The dial is only part of the picture, though. The same DAN analysis turned up large differences in risk that no GF setting touches. Some of it comes down to who you are: in this data, women developed DCS far more often than men, for reasons still being worked out. Some of it comes from the dive itself. Working hard at depth raised the odds, and so did carrying more than one breathing gas, though that usually just marks a longer or more demanding dive rather than doing harm on its own. Temperature mattered as much as the settings did, and in a way that catches people out: being warm on the bottom helps you soak up gas, while being cold on the way up slows you giving it back, so the dangerous combination is a warm, hard-working bottom followed by a cold, shivery deco.[17 ] And a little of the risk is anatomy. About one diver in four has a small flap between the chambers of the heart, a patent foramen ovale, that can let bubbles slip from the veins across into the arteries. Bubbles on the venous side are usually filtered out harmlessly by the lungs; the ones that cross into the arteries instead ride straight to the brain and other organs, where they do far more harm.[22 ]

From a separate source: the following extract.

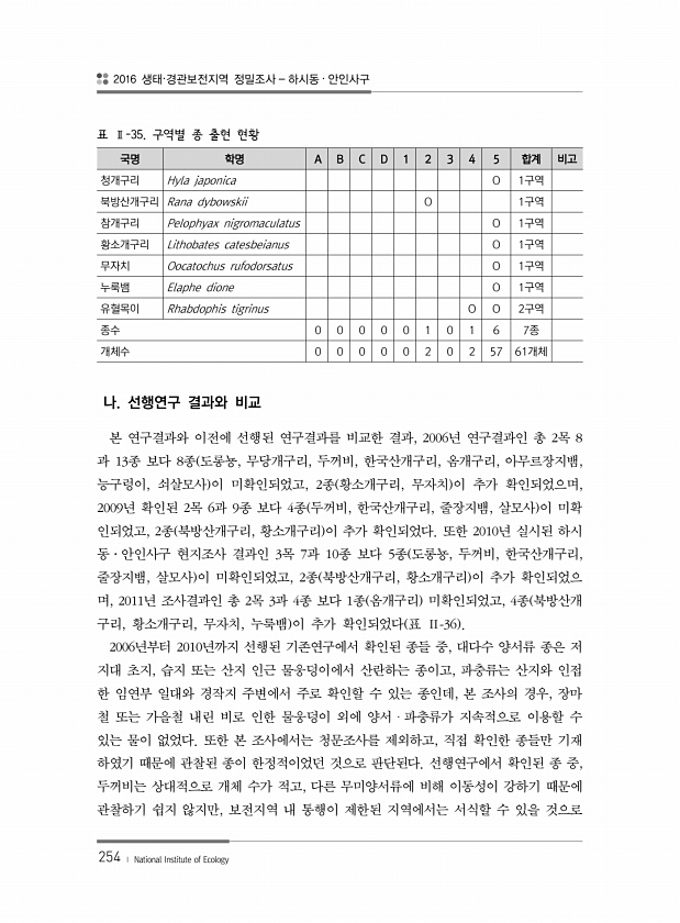 2016 생태·경관보전지역 정밀조사 하시동 · 안인사구 254 ? National Institute of Ecology 표 Ⅱ-35. 구역별 종 출현 현황 국명 학명 A B C D 1 2 3 4 5 합계 비고 청개구리 Hyla japonica O 1구역 북방산개구리 Rana dybowskii O 1구역 참개구리 Pelophyax nigromaculatus O 1구역 황소개구리 Lithobates catesbeianus O 1구역 무자치 Oocatochus rufodorsatus O 1구역 누룩뱀 Elaphe dione O 1구역 유혈목이 Rhabdophis tigrinus O O 2구역 종수 0 0 0 0 0 1 0 1 6 7종 개체수 0 0 0 0 0 2 0 2 57 61개체 나. 선행연구 결과와 비교 본...

One last bit of folklore is worth puncturing: the so-called helium penalty. Because Bühlmann's model treats helium as moving about 2.65 times faster than nitrogen, it asks for longer decompression on trimix, not shorter.[10 ] That feels backwards until you follow it through. Gas that moves out fast also moves in fast, so your tissues take on a lot of helium during the dive, and the model then holds that helium to a tighter limit on the way up. Some divers resent paying the bill. Yet when researchers measured the two gases in sheep, they behaved almost identically in the brain and muscle, the tissues that drive short "bounce" dives, the quick down-and-up kind where only the fast tissues have time to fill. The real difference only showed up in the slowest tissues.[20 ] So the penalty may rest partly on an oversimplification. Even so, Simon Mitchell's warning holds: do not try to dodge it by telling your computer you are on plain nitrox when you are really on trimix.[21 ] Bühlmann may have landed on roughly the right amount of decompression for the wrong reason, and trimming that time just throws away a buffer that works.

Where the agencies stand

Researchers are one thing; what your training tells you is another. Some agencies have begun writing the shift into their published guidance, though they are not all in the same place yet.

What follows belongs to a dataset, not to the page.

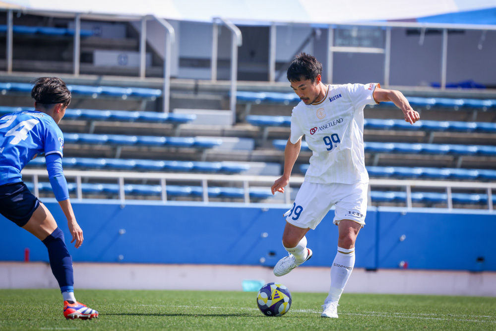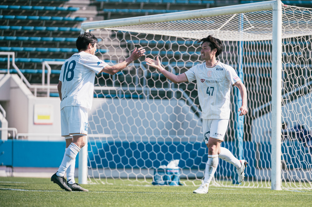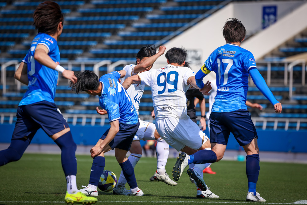 開始早々、相手陣内でスローインを奪うと中山仁がゴール前でキープ。一度は奪われるがクリアボールを拾った島田が得意の左足を振り抜き、これがネットに突き刺さる。昨年J3だったY.S.C.C.横浜を相手に、最高の立ち上がりとなる。

The most explicit is CMAS, the world underwater federation. Its 2025 fact sheet on gradient factors tells recreational air and nitrox divers to set GF Low equal to GF High, somewhere in the 80 to 90 range (90/90, 85/85, 80/80), and keeps the lower GF Low values for helium mixes. It says in as many words that on air or nitrox a GF Low below GF High forces deep stops that raise the risk of DCS, and it points to the same French, US Navy and Belgian work covered above.[25 ]

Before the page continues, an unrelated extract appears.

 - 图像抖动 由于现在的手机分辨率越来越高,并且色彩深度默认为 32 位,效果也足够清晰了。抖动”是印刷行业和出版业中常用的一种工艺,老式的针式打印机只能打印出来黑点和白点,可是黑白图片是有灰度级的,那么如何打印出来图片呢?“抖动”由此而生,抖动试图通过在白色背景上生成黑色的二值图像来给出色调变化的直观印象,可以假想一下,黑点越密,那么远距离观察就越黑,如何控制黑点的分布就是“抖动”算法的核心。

PADI's technical arm moved first among the large agencies. In 2019 it dropped the requirement to teach deep-stop strategies, in an article reviewed by Simon Mitchell that pointed straight at the NEDU result, and in 2023 it rebuilt its Tec 40, 45 and 50 courses around current thinking on gradient factors, gas density and deep stops.[26 ] Others have moved more slowly. GUE still lists 20/85 as the default in its DecoPlanner software and technical courses, even as many of its own instructors have drifted toward higher GF Low values,[27 ] and agencies such as TDI publish no fixed gradient-factor figure at all, leaving the choice to the instructor and the diver. If you were taught to dive 30/85 and never told why, that is the reason: the answer you got depended a great deal on who taught you, and when.

Choosing your numbers

Notice what all of this does not give you: a number. That is not a cop-out. It is the honest state of the science. What the last fifteen years have produced is not a setting but a handful of principles you can actually use.

  • More decompression beats less. Time in the water is the most dependable safety lever you have, and cutting a schedule short is almost always the riskier move.
  • Deep stops are not free. Every minute you hold deep, your slow tissues may still be filling. The evidence no longer supports forcing very deep stops for their own sake.
  • For more margin, reach for GF High, not GF Low. Lowering GF High puts the extra time up shallow, where off-gassing actually works, and that is exactly where the DAN data say the surfacing gradient matters most.
  • The setting is not the whole dive. Your temperature, your workload, your hydration, your own body, even the day, can matter more than the gap between two neighbouring GF values.
  • Be honest with your computer. The model's safety buffers are calibrated; gaming them to save time mostly just removes the margin you were counting on.

In the end, gradient factors are a dial for balancing your own appetite for risk against your own body, and both of those are personal. A fit, warm, well-rested diver on an easy profile is in a different place from a cold, tired one at the end of a hard week, even on the identical dive. The aim was never to find the "right" numbers. It is to understand what the dial actually does, so that whatever you set is something you chose on purpose, rather than inherited and forgot.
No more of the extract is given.